Task directions = Only the lines from the one containing "Lovoski 女性 花嫁" to the end of the data should be copied, exactly and without pictures.

Supplied material =
*** Begin section ***
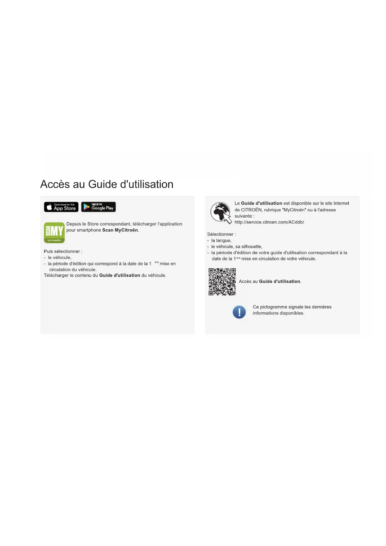 GUIDE D'UTILISATIONAccès au Guide d'utilisation Le Guide d'utilisation est disponible sur le site Internet de CITROËN, rubrique "MyCitroën" ou à l'adresse suivante : http://service.citroen.com/ACddb/ Accès au Guide d'utilisation. Sélectionner : - la langue, - le véhicule, sa silhouette, - la période d'édition de votre guide d'utilisation correspondant à la date de la 1 ère mise en circulation de votre véhicule. Puis sélectionner : - le véhicule, - la période d'édition qui correspond à la date de la 1 ère mise en circulation du véhicule. Télécharger le contenu du Guide d'utilisation du véhicule. Depuis le Store correspondant, télécharger l'application pour smartphone Scan MyCitroën. Ce pictogramme signale les dernières informations disponibles.1 Bienvenue Nous vous remercions d'avoir choisi un Citroën C5 AIRCROSS. Votre véhicule reprend une partie des équipements décrits dans ce document, en fonction du niveau de finition, de la version et des caractéristiques propres au pays de commercialisation. Les descriptions et figures sont données sans engagement. Automobiles CITROËN se réserve le droit de modifier les caractéristiques techniques, équipements et accessoires sans être tenue de mettre à jour le présent guide. En cas de cession de votre véhicule, penser à remettre ce Guide d'utilisation au nouveau propriétaire. L'ensemble des instructions et recommandations de fonctionnement y sont présentées pour profiter au mieux du véhicule. Il est fortement recommandé d'en prendre connaissance ainsi que du carnet d'entretien et de garanties renseignant sur les garanties, l'entretien et l'assistance routière associés au véhicule. Légende Avertissement pour la sécurité Information complémentaire Contribution à la protection de la nature Véhicule avec poste de conduite à gauche Véhicule avec poste de conduite à droite Localisation par une zone noire de l'équipement / du bouton décrit2
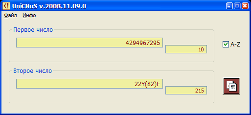 UniCNuS конвертирует в реальном времени любое целое число из множества $\{0, \ldots , 2^{32}-1\}$ записано в системе счисления с основанием $b \in \{2, \ldots , 2^{32}-1\}$ в соответствующее представление в $b'$-ричной системе счисления $b' \in \{2, \ldots , 2^{32}-1\}$.
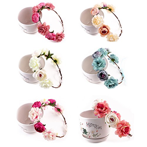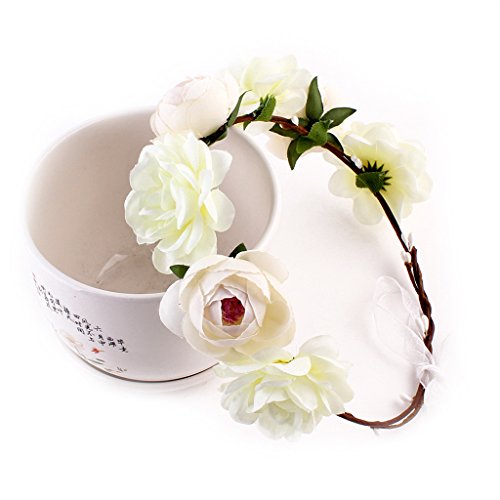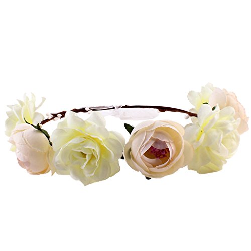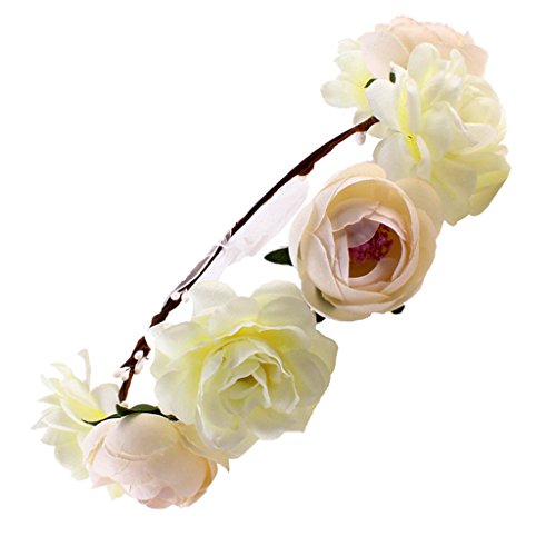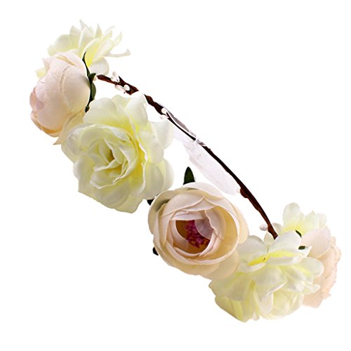 Lovoski 女性 花嫁 ボヘミア ビーチ 花輪 フラワー ヘアバンド ヘッドバンド 髪飾り 全6色 - カーキ
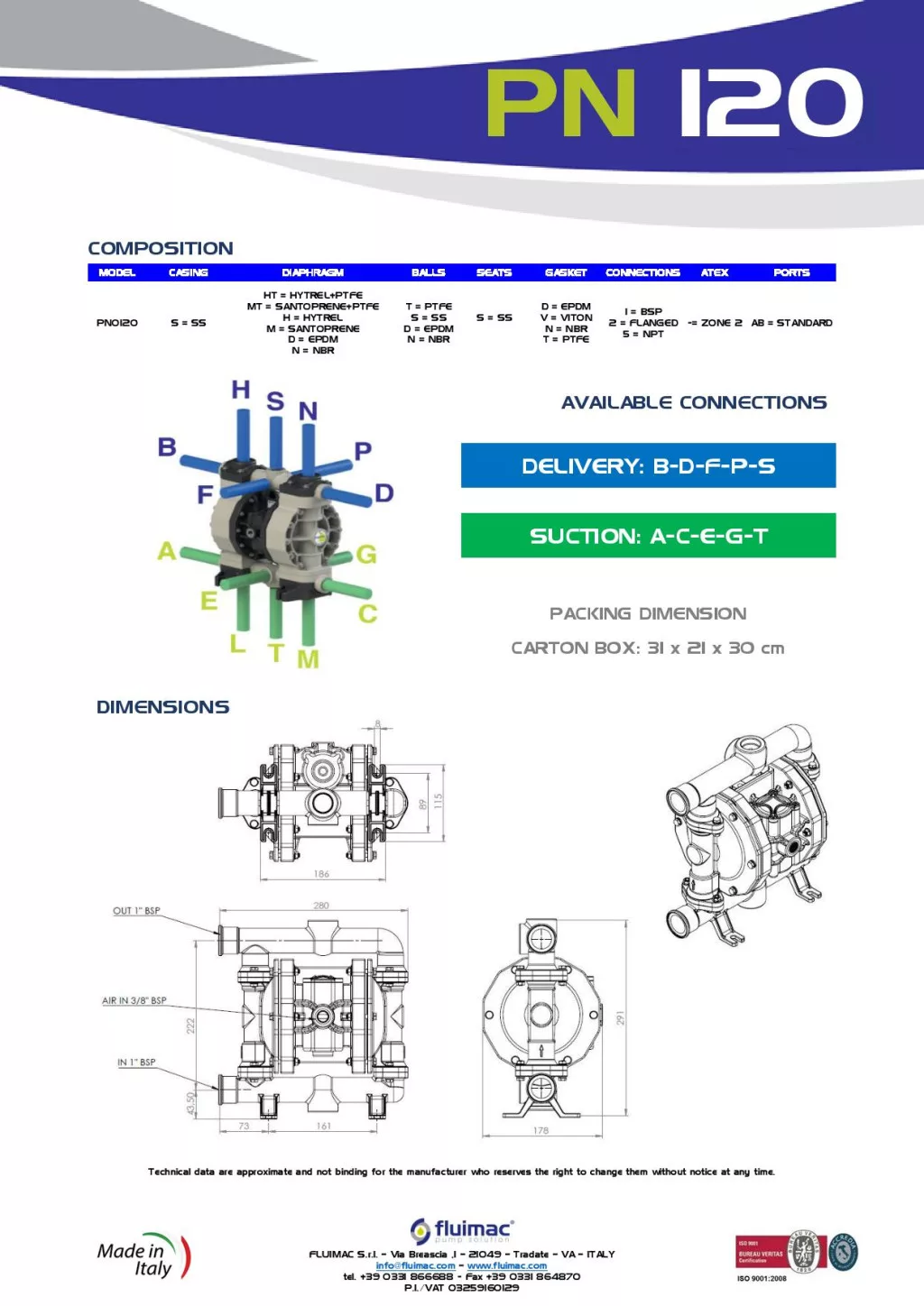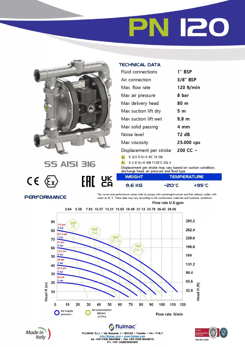 Fluimac Phoenix 120 l/perces rozsdamentes acél házas teflonmembrános membránszivattyú Fluimac Phoenix 120 l/perces rozsdamentes acél házas teflonmembrános membránszivattyú
*** End section ***
Task result =
 Lovoski 女性 花嫁 ボヘミア ビーチ 花輪 フラワー ヘアバンド ヘッドバンド 髪飾り 全6色 - カーキ
 Fluimac Phoenix 120 l/perces rozsdamentes acél házas teflonmembrános membránszivattyú Fluimac Phoenix 120 l/perces rozsdamentes acél házas teflonmembrános membránszivattyú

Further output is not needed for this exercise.